I remember the days of the good troll threads.

Like that multiple choice question about the probability of you selecting the right answer.

Wait, I don't miss that at all.

flip a coin 3 times: 4 possible outcomes
2 heads and a tail: 1 outcome
1/4 or 25% first guy was right

Lol @ the dude that fail logic'd and deleted his post. I think you worry about what people think about you too much.

37.5%

Khan academy -> probabilities 1

what would be said probability?


and what would be a good statistic text to stop being so dumb?

P = sum([n!/(k!*(n-k)!)]*(1/2)^k*(1 - 1/2)^(n-k)) with n = 3, 2<=k<=3

P = 1/2

>>2838792
Fuck off you cunt I went to Jedi Academy. Eat shit.

its 50%

>2838797
It took an americunt engineer to explain it properly to you guys

>>2838785
Bingo. The question is asking the probability of it landing on heads at least two times. So you take the probability of it landing on heads twice (.25) and the probability of it landing thrice (.125), and you add those two to get the answer.

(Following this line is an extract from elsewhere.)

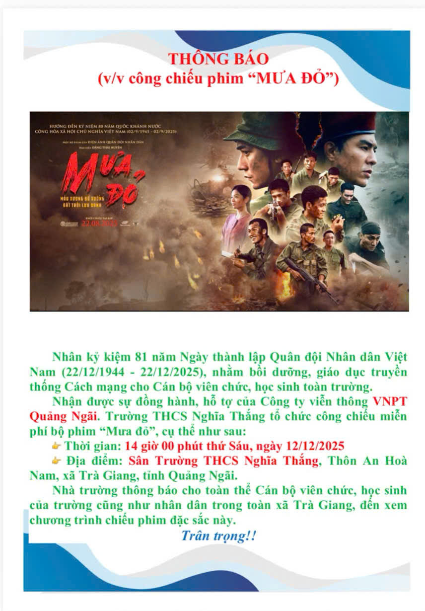 THÔNG BÁO CÔNG CHIẾU PHIM “MƯA ĐỎ”

Everybody else is retarded and a troll.

12.25
>0.5*0.5*0.5
fuck yeah year 10 maths!

>>2838831
you are not completely correct. There are 3 ways for it to land on heads twice. Refer to >2838797
That is the correct answer.

>>2838832
just reread the question. .
0.25+12.5
P(2heads)+P(3heads)

>>2838831
No. Use a binomial distribution, like >>2838797
It is you who is retarded and a troll.

Let me break it down for you guys. There are 4 possible events that satisfy OPs question.
1) heads, tails, heads P_1 = (1/2)*(1 - 1/2)*(1/2) = 1/8)
2) heads, heads, tails P_2 = (1/2)*(1/2)*(1 - 1/2) = 1/8
3) tails, heads, heads P_3 = (1 - 1/2)*(1/2)*(1/2) = 1/8
4) heads, heads, heads P_4 = (1/2)*(1/2)*(1/2) = 1/8
P = P_1 + P_2 + P_3 + P_4 = 4*(1/8) = 1/2
>schooled by engineer suckas

binomial(2,3,0.5) + binomial(3,3,0.5)
= 0.5

Its not really 50% right?


Can someone explain that to me.

>>2838876
This. P=.5

>>2838900
it's already been explained. P = 1/2 = 0.5 which is the same as saying P = 50%

50%

The outcome of each flip does not affect the outcome fo the next flip. Each flip is a separate event and the probability stays at 50% for each.

old troll is old, yet people still fall for it

You don't even need fancy maths. Basic arithmetic and reason will do.

Each coin can land on either heads or tails.
If the probability of of it landing on heads twice was less than 50%, that means the probability of it landing tails twice would be MORE than 50%.
And since you know heads is just as likely as tails, this cannot be right.

>>2838900
HHH
HHT
HTT
TTT
4 outcomes. 2 with 2+ heads.

>>2838938
hurr durr
HTH
Duererererrdd

P={1:3, 1:2}

Guys can you help me with this?

You roll a dice 3 times, what is the chance of getting one or more 5's?

>>2838797
not sure if trolling or just retarded

>>2838922
your double trolling
because theres 50% for the first one
and then another 50% for the second one

so 25%?

>>2838960
ok, lemme brake it down for you.
3*{H:T}
{H}{H}{H:T}
{H, H, H} = 3/6 = 1:2
{H, H, T} = 2/6 = 1:3
P = {1:3, 1:2}

>>2838985
Really? You must be really retarded.
The law of averages does not apply in coin flips. You have to remember that each coin flip is independent.

The answer will be 50% no matter how many flips. Look up independence and coin flips.

Fucking retarded high schoolers

>>2839081
you're wrong
see
>>2839016

>>2839120
Again, that doesnt take into account that each coin flip is independent.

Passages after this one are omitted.